# Exploring Missions



## Christopher88 (Feb 27, 2010)

Long story short, 
I feel an urge that I know is from the Lord, to pursue being a career missionary. I have had this calling since the days of my child hood. 
I am needing to know a few things. 
What are some reformed career missionary organizations? I know of MTW. 
I don't want to go into the mission field lacking biblical knowledge. What are some accredited online bible colleges that offer degree's in missions? 

For missionary's to answer. 
How do you go about paying bills and supporting a family? 
Did you pursue a seminary degree when you first started out?


----------



## Ivan (Feb 27, 2010)

Most denominations, certainly reformed ones, are going to expect you have an education. To be a career missionary in the SBC means that you will have a Bachelors and Masters degree.


----------



## au5t1n (Feb 27, 2010)

You should PM Pergamum. He may not respond right away (I believe he is in a village without internet for 10 weeks at a time), but he is a missionary and can probably answer your questions about family and finances.
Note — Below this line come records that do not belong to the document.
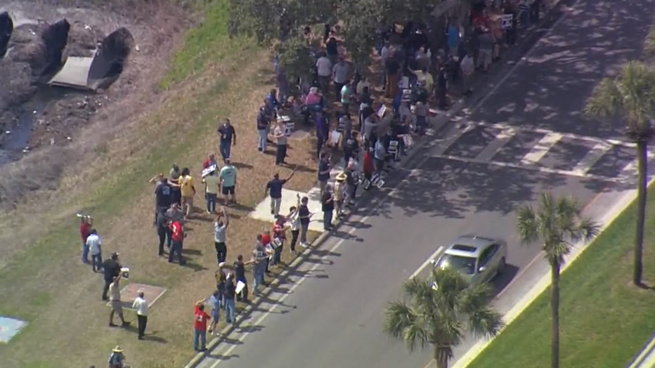 SKYFOX flew over Lockheed Martin's Orlando facility, where several people were on strike outside the facility.
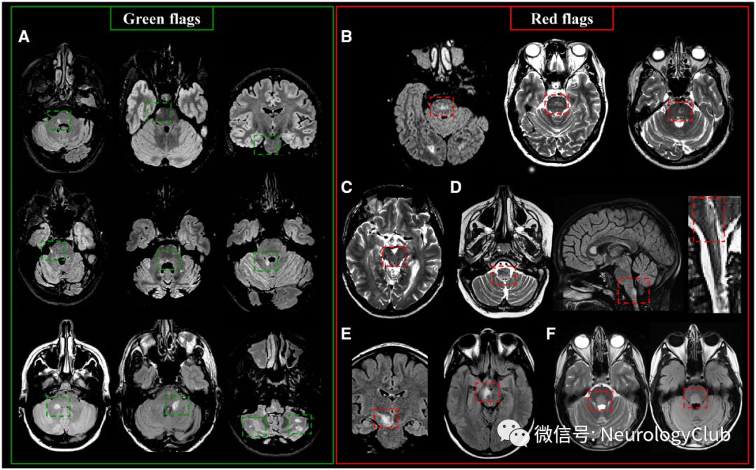图3:MS患者幕下典型和非典型病灶;左:绿旗征:(A)幕下病灶;右:红旗征:(B)见于小血管病的对称性脑桥中央病灶;(C)NMOSD导水管周围病灶;(D)NMOSD极后区病灶;(E)MOG抗体相关疾病中脑-间脑病灶;(F)神经白塞病邻近四脑室底的大的卵圆形病灶
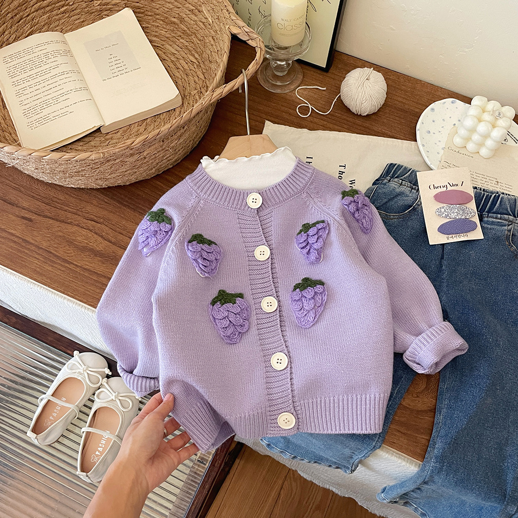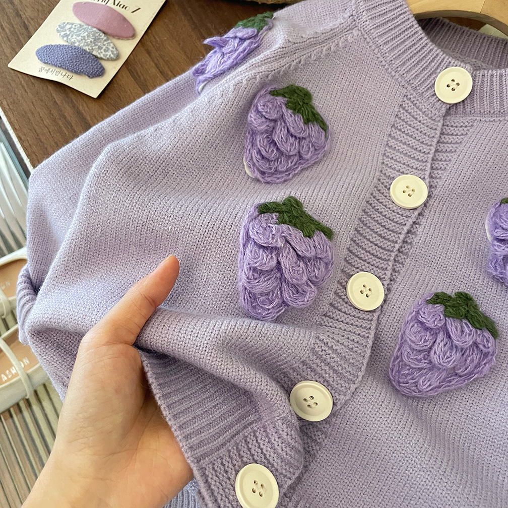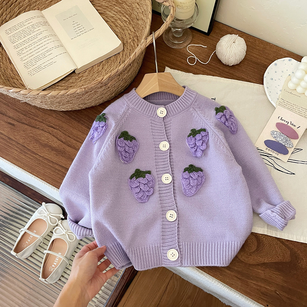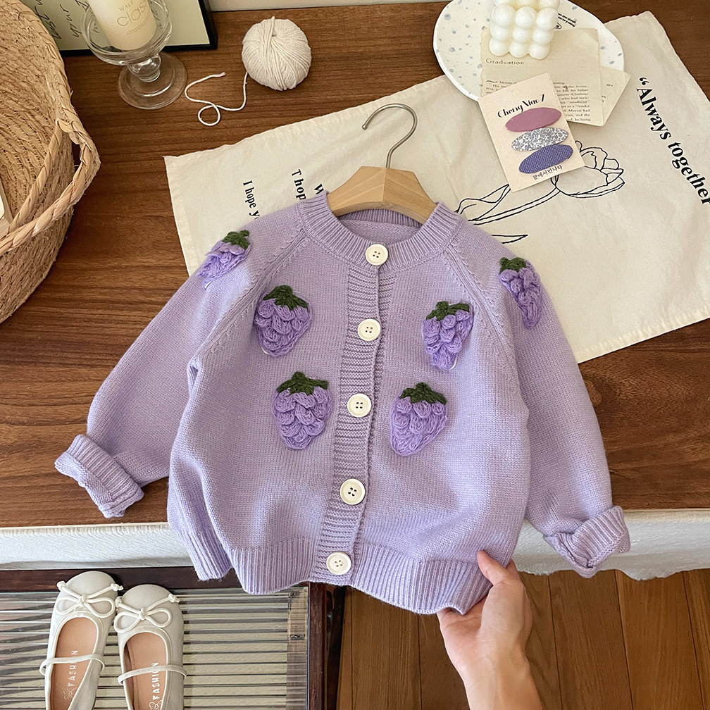 25년 새 가을 겨울 여아 수제 뜨개질 포도색 스웨터 가디건, 어린 소녀 니트 재킷, 세련된 스웨터스토어 가기
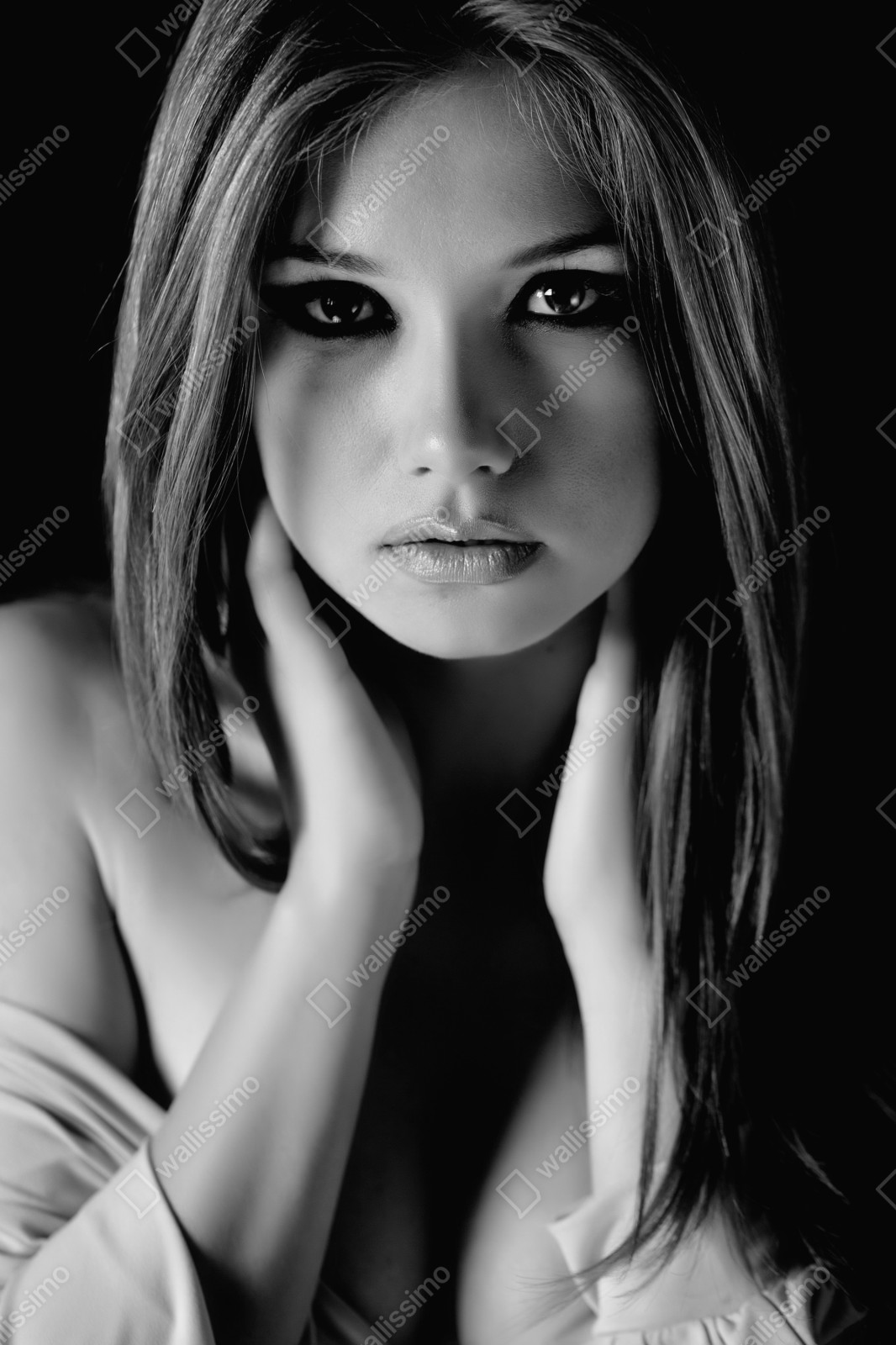 Elegancki monochromatyczny portret dodaje wnętrzu dramatyzmu i ponadczasowego uroku, idealny jako wyrazisty akcent dekoracyjny.

Ideally, you want your church/presbytery/denomination to fund you and send you rather than a missionary organization. But I'm not really sure how all that works, so maybe the two are connected and I'm just unaware of it.


----------



## Guido's Brother (Feb 28, 2010)

austinww said:


> Ideally, you want your church/presbytery/denomination to fund you and send you rather than a missionary organization.


 
I agree. Para-church mission agencies have not featured that strongly in the history of Reformed missions. Reformed churches tend to stress the need for local churches to be responsible for the oversight and support of mission work. So, when I was a missionary, for instance, I was sent out by one particular church. That church had responsibility for my oversight and support. However, other local churches supported my work as well through an agreement with my sending church. I would argue that a key feature of Reformed mission work is that it is ecclesiocentric -- not only in that the missionary is aiming for the establishment of churches, but in that also he is sent out, supported and overseen by a local church. I believe this is also biblical.


----------



## TimV (Feb 28, 2010)

And after getting the support of your churches elders, as soon as possible try to get on a short term mission project. Missionaries are always looking for short term volunteers for teaching literacy, building, etc... That way you can get someone (the missionary) to give you an impartial evaluation of whether or not you're really called and/or ready. 
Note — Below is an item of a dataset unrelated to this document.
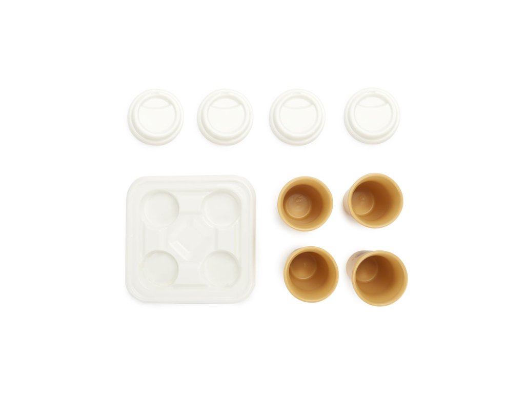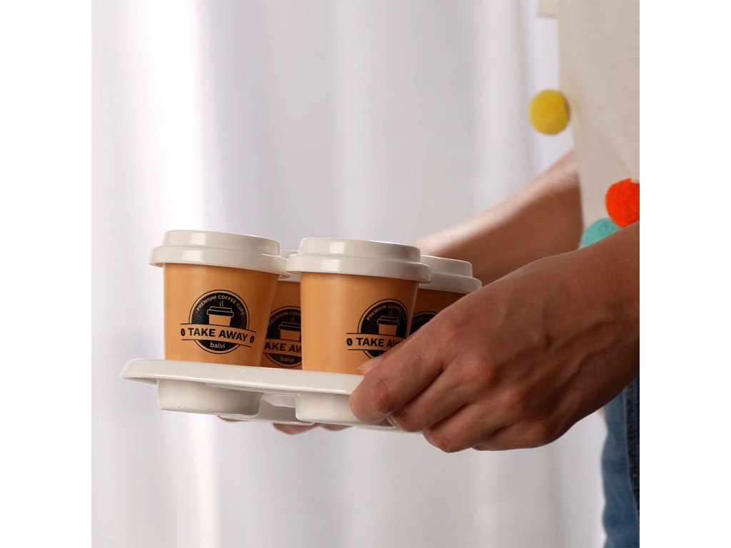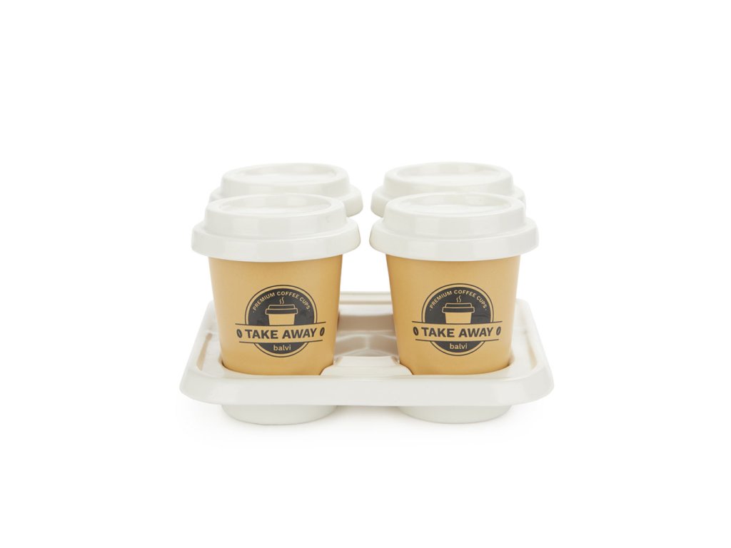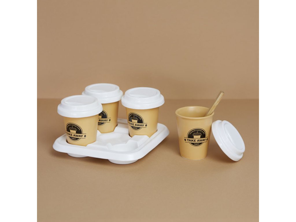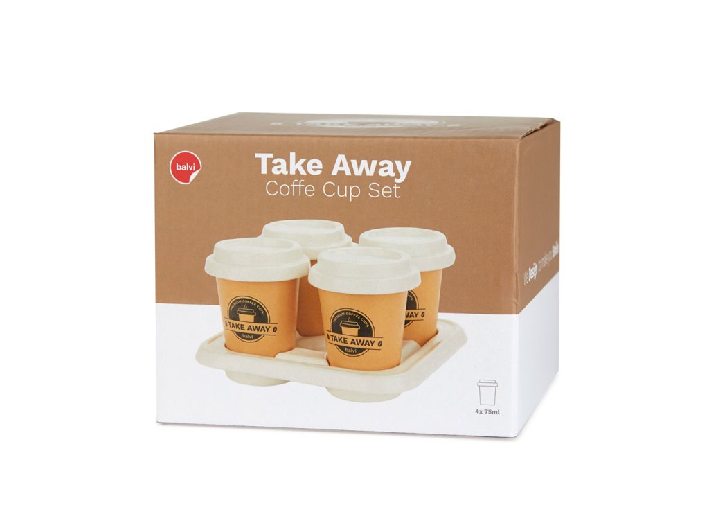 Porcelánová sada šálků na kávu/espresso BALVI Take Away 27833. Sada vypadá jako zmenšenina běžných papírových kelímků s táckem. Celá je ale vyrobena z kvalitního porcelánu. Šálky mají objem 750 ml. Jsou vhodné do myčky nádobí a lze je užít i k ohřevu v mikrovlnné troubě. Velikost sady: 8,5 x 15 x 15 cm (VxŠxH).

I don't want to down play your feelings, but a calling should ideally be recognized by the Church.


----------



## Jack K (Feb 28, 2010)

Chris, you're attending a missions-minded church with leadership that's very experienced in these matters. You should definately talk with them.
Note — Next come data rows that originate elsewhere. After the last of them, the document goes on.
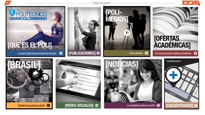 Cuando alguien llegue al libro se va a encontrar con diferentes secciones en las que podrá conocer la universidad, trabajos de estudiantes y publicaciones y noticias sobre Brasil como invitado de honor. Si se encuentra interesado en algo en especial, podrá compartirlo en ese instante, pues el libro está integrado con redes sociales.
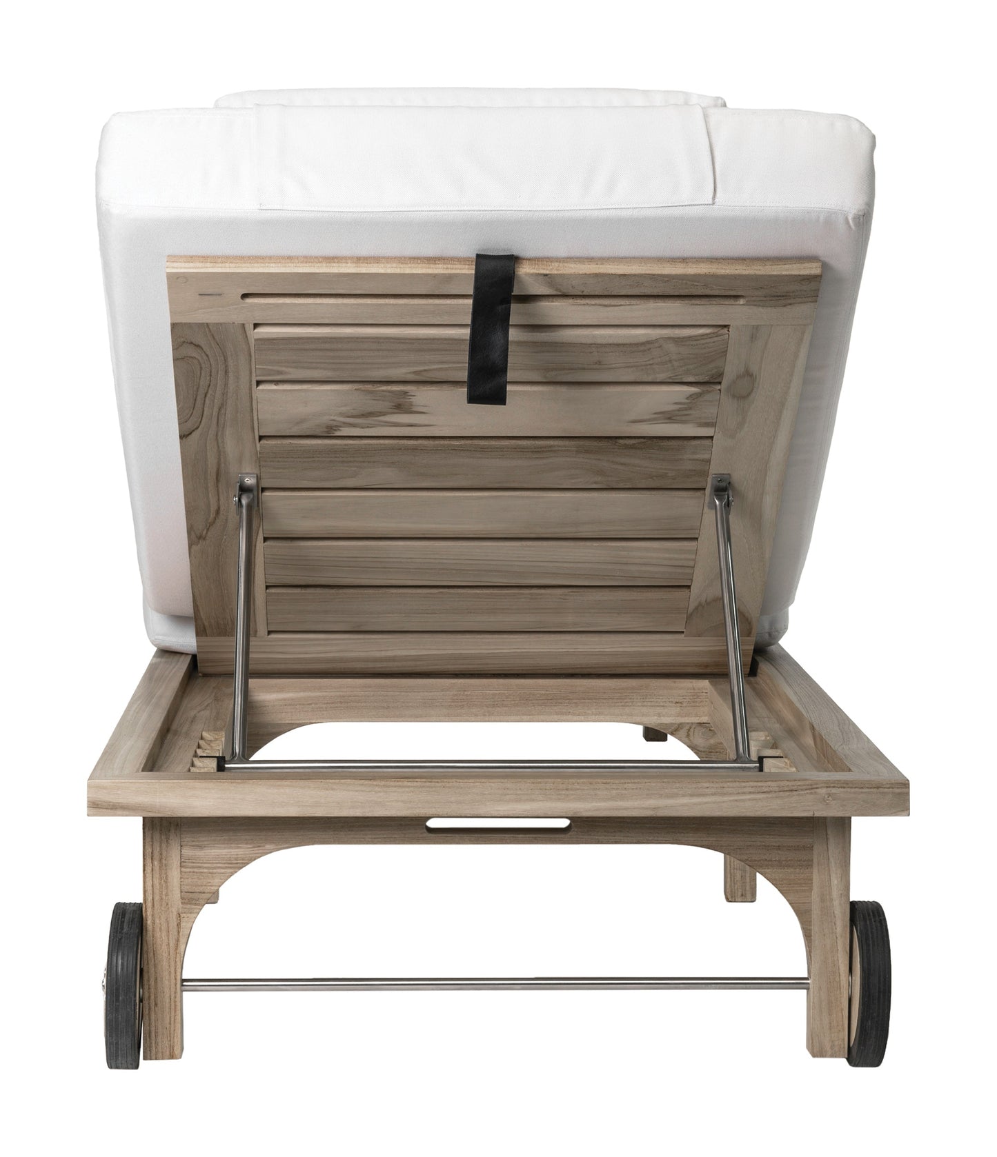 Crafted for those who value quality and sustainability, this chaise set features durable teak and weather-resistant fabrics. The custom Quick-Dry foam cushions provide bespoke comfort, making it ideal for lounging by the pool. The inclusion of a seat/back cushion with an attached neck pillow ensures added relaxation. With an adjustable backrest and two wheels for mobility, this chaise offers both practicality and style, making it a perfect addition to any serene outdoor setting.
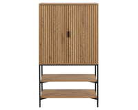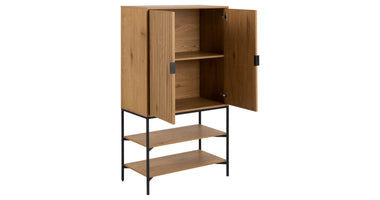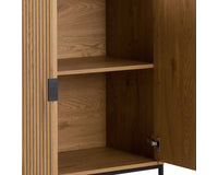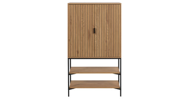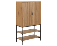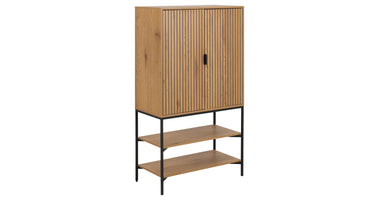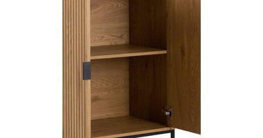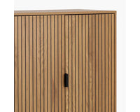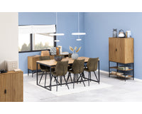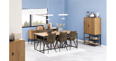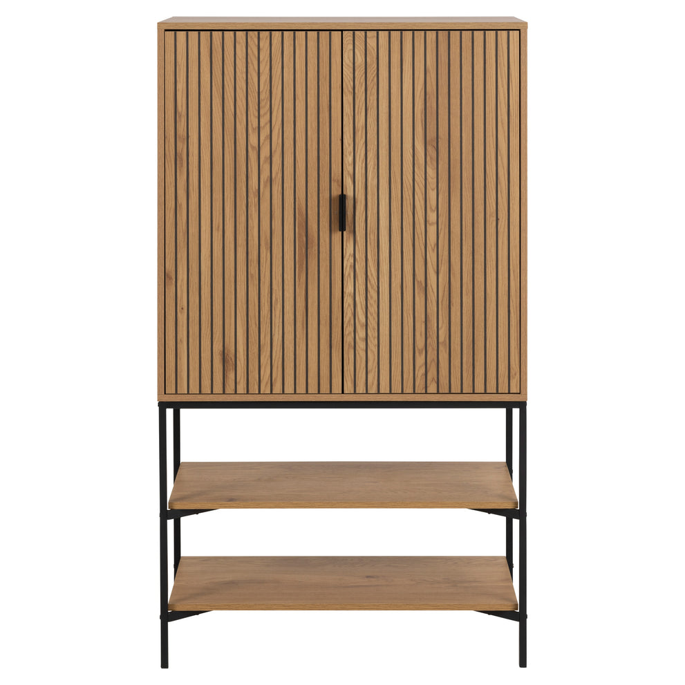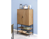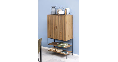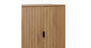 Deze kast Holeby laat zien hoe het moet. Met een onberispelijke, minimalistische look is het meer dan alleen een plek voor je spullen. Kijk maar eens naar die lamellenfronten met de elegante handgrepen in hetzelfde ruwe gepoedercoate metaal als het onderstel. De kast heeft verstelbare planken om je mooie spullen op te zetten.
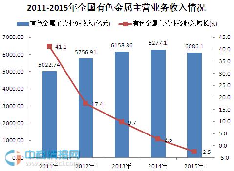 核心提示: 中國產業發展研究網訊:2015年中國有色金屬礦采選業主營業務收入6086.1億元,同比下降2.5%。由上圖可知,2011-2014年全國有色金屬行業主營業務收入一直保

I will suggest this: Education and training is certainly important. But a big problem for missionaries is burnout and discouragement, especially among those who go into missions most convinced it's what they must be doing for God. So dip your toe a few times before diving in. And prepare yourself spiritually to handle possible discouragement as well as preparing yourself with theological training.


----------



## Pergamum (Feb 28, 2010)

Questions:

-Are you wanting to go with the PCA? Are you open to working more broadly?
-What are your gifts? Where would you naturally fit?
-What sort of cross-cultural experiences have you already had, and how did you do?
-What does your home church and wife think?
-How long would you want to serve?

---------- Post added at 04:44 AM ---------- Previous post was at 04:40 AM ----------

_For missionary's to answer. 
How do you go about paying bills and supporting a family? 
Did you pursue a seminary degree when you first started out? _

I raise monthly support and have about 24 regular supporters. I have never lacked support and my going to churches was not an experience of begging but a great opportunity to share the needs of my area of ministry and has proven to be the means of keeping local churches invovled in missions and recruiting others into the Harvest.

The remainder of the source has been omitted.